Someone just asked me a question on Twitter and I was most of the way through what would have been several tweets before I thought perhaps it would work better as a blog post. I’m going to answer the question first, and then talk some more about the context and what I’m hoping to achieve where I am and (with the advent of more collaborative working through the ICS) in the wider system. So I’ve been using scikit-learn to train a classifier to predict non attendance at healthcare appointments and the question to me was “What made you choose Python rather than R for this one? Which classifier are you using?”.
I’m using a couple of classifiers, to be honest I’m really just messing around but I always like to tweet and blog at the beginning because you end up having useful conversations that can save you time later on. I’m sort of aping this excellent paper and have got some pretty good preliminary results using gradient boosting, but as I say I am just kind of messing around at the moment.
The reason I’m using Python instead of R is twofold. The first reason is that I have been using Python more and more doing text mining (for a very brief outline that I will come back to see this blog post). Python is a little bit ahead in terms of the text mining algorithms, because that’s what people are using, and for a while I would do all the data cleaning and outputs (think Shiny) in R, just nipping into Python for four lines to run the model. The problem with doing that is that my Python is so bad that I often can’t even make the model run. Or even if it runs I can’t necessarily get the outputs or plots that I need. So I’ve realised I just need to rip off the plaster and learn Python. Properly, end to end. So when this predicting DNA with machine learning thing came along it seemed the perfect project in which to build a Python pipeline. I could do it in R in a fifth the time, I’m sure, but I wouldn’t be learning to use Python to help with the text mining stuff, so I’m being discplined and torturing myself learning this new language (it’s hard work but it’s not torture, obviously, I’m having a great time).
There is a bigger reason, however, which is what motivated this blog post. People in the system are using Python. The people who wrote that paper cited above used Python and they’ve indicated their willingness to look at sharing the code once they’ve tidied it up a bit. Some other people doing something else I haven’t talked about yet (but will) are also using Python. I had a bit of A Moment the other day when I realised that it’s no good just building reusable, sharable technology. That’s only the first step. In a way, that’s the easy bit. Easier bit. We need people out in the system who can actually use it. Can you just go to any provider Trust in the country and say “Hey, I fitted a machine learning to predict DNA with scikit-learn, here’s the code/ a Docker image” and they’ll just say “Thanks very much, we’ll productionise it in the data warehouse next month”? Nope! And they definitely won’t say “That’s very interesting, we’ve compared it with some of our internal testing and we’ve improved the model, we’ve already submitted a pull request”.
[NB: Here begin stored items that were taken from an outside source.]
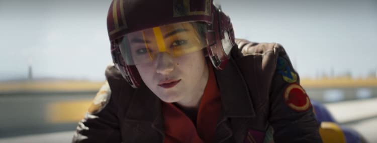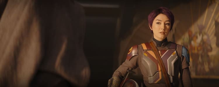 Lothal bossman Governor Azadi (Clancy Brown) unveils a mural as a celebration of the victory over Thrawn by the Rebels. If you’ve seen Star Wars: Rebels, you’ll have seen this art before. The special guest for this unveiling is none other than Commander Sabine Wren (Natasha Liu Bordizzo). Applause. Sabine? Where you at?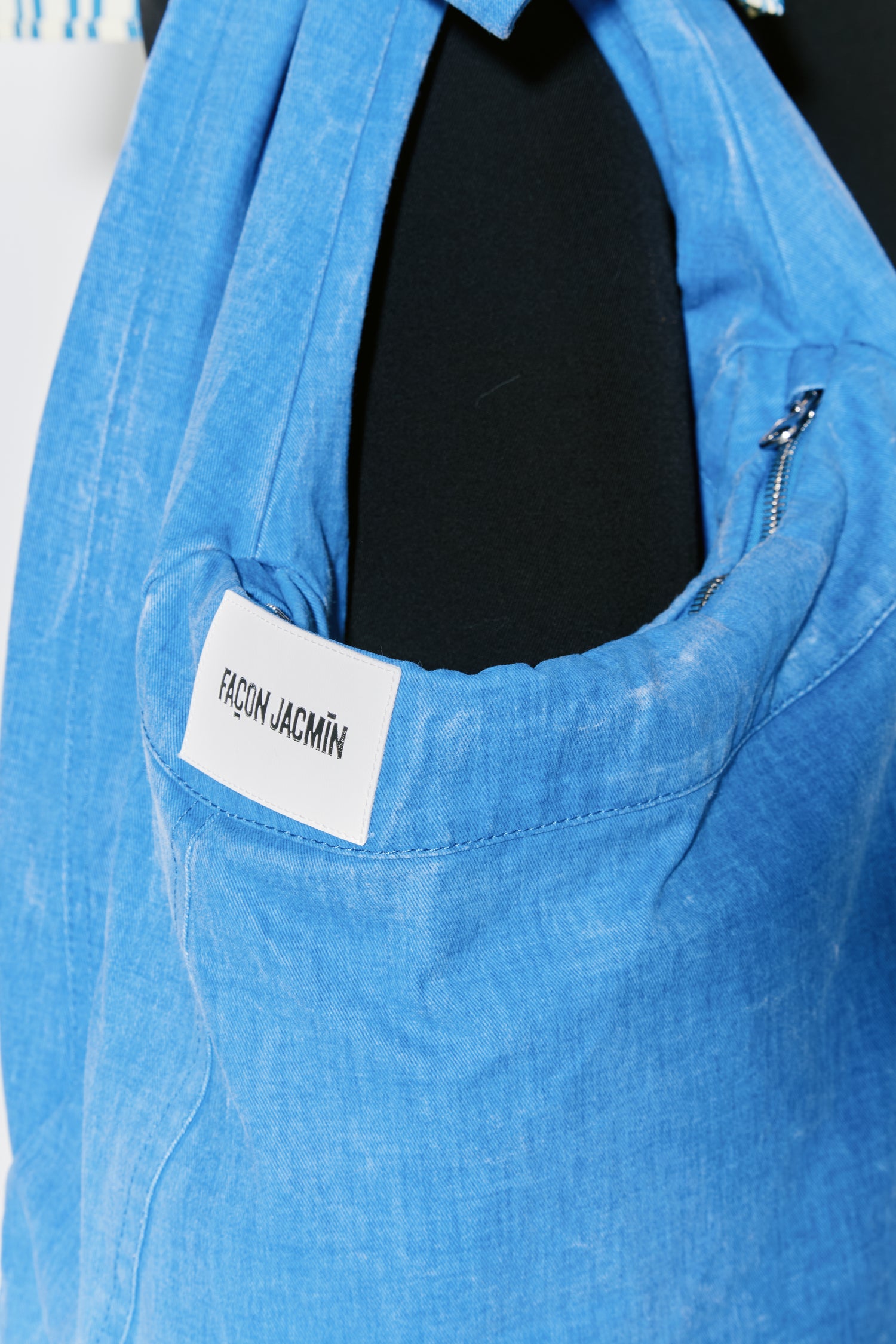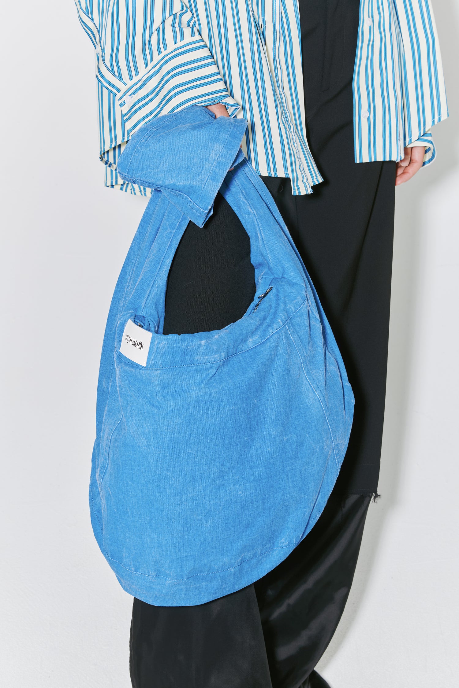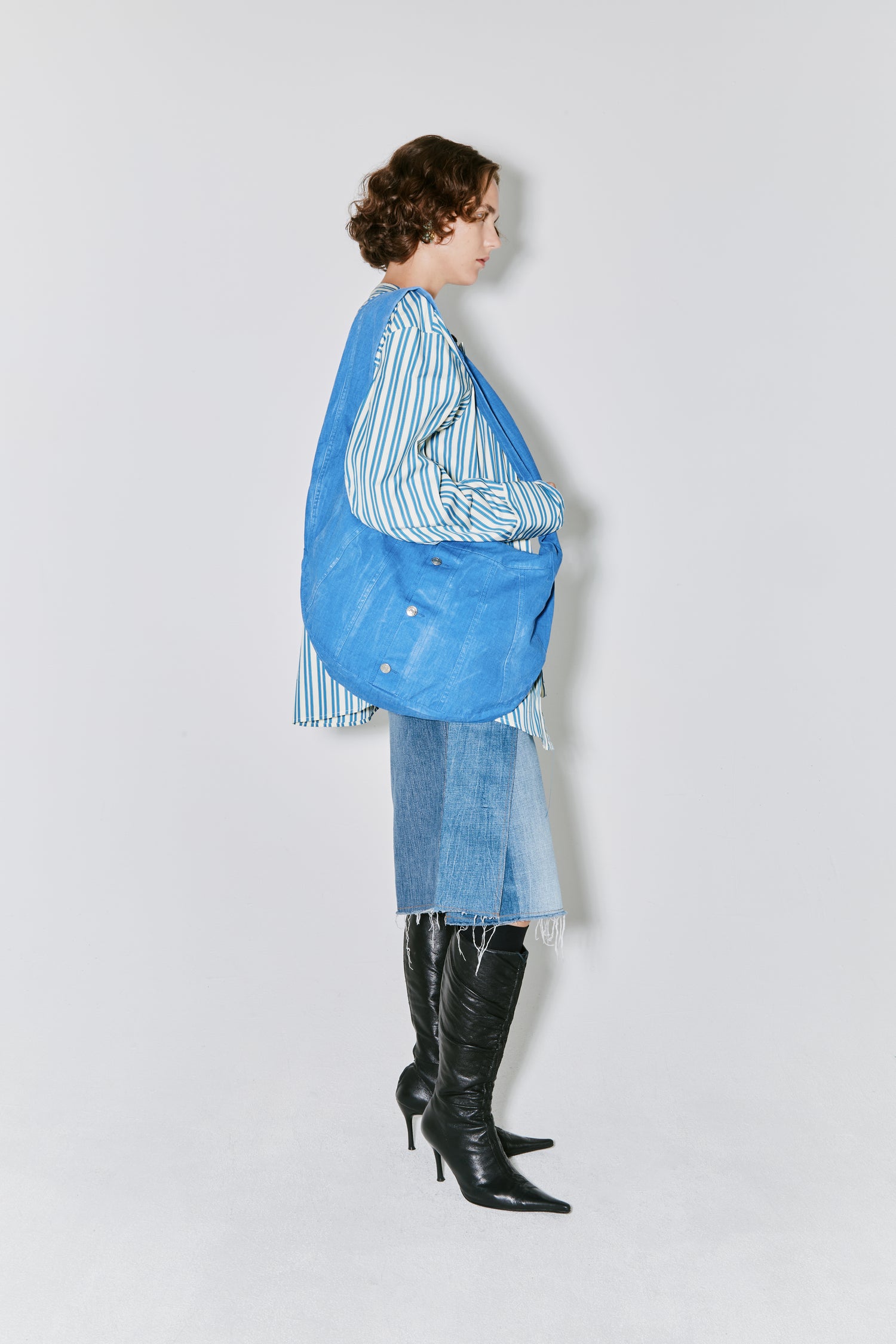 AMY is a shopping bag made from Italian blue coated cotton, designed with a denim jacket-inspired look.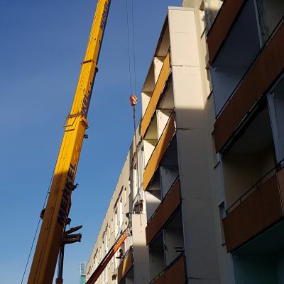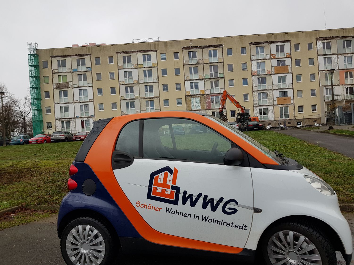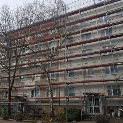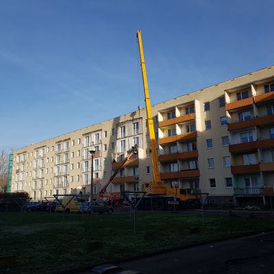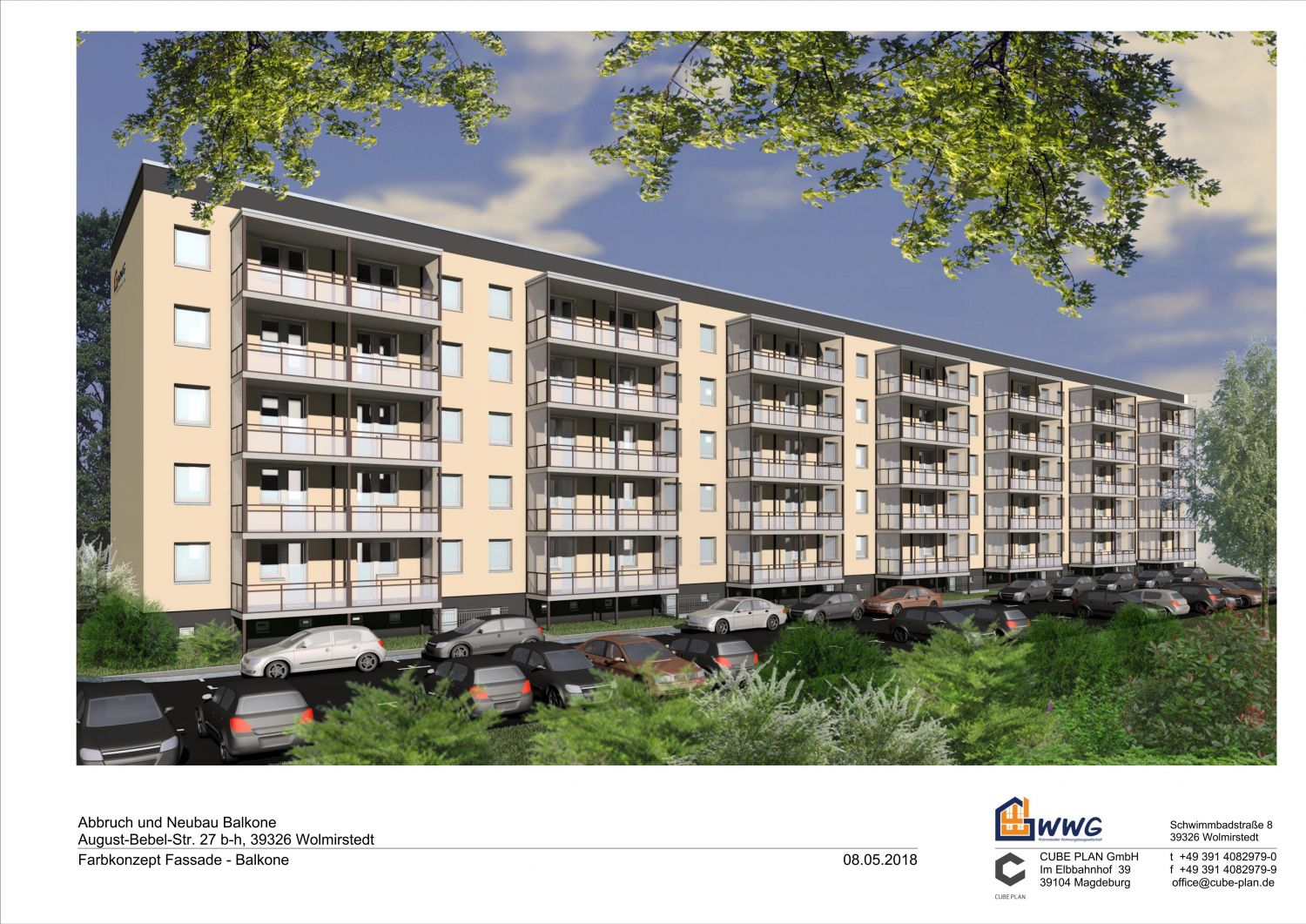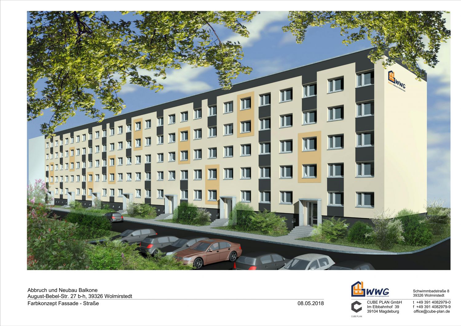 Das Wohnhaus in der Augsut- Bebel- Straße wird von der WWG saniert. Die alten Balkone werden entfernt und durch größere Balkone ersetzt, die Wohnungen erhalten Brandschutztüren, es werden Gegensprechanlagen nachgerüstet, das Dach wird erneuert und die Fassade bekommt einen neuen Glanz. Hier einige Bilder zum Baufortschritt:

We have a saying where I come from, the Involvement team, I’m sure they got it from somewhere but I heard it from them first. “If you want to go fast, go alone. If you want to go far, go together”. Learning Python for me is just a tiny step towards me being part of the solution to the problem of “We have all these amazing machine learning models ready to rock out in the wilds of the NHS, but who on Earth is going to get them set up and improving lives/ saving money?”
As with quite a lot of my blog posts at the moment, I am aware that I’m talking about tackling huge, systemic problems, and I’m in no doubt that I’m the absolute tiniest cog in the whole system, so it does feel a bit weird talking about all these huge, system level changes. But be the change you want to see, that’s what I always say, so I’m doing my best.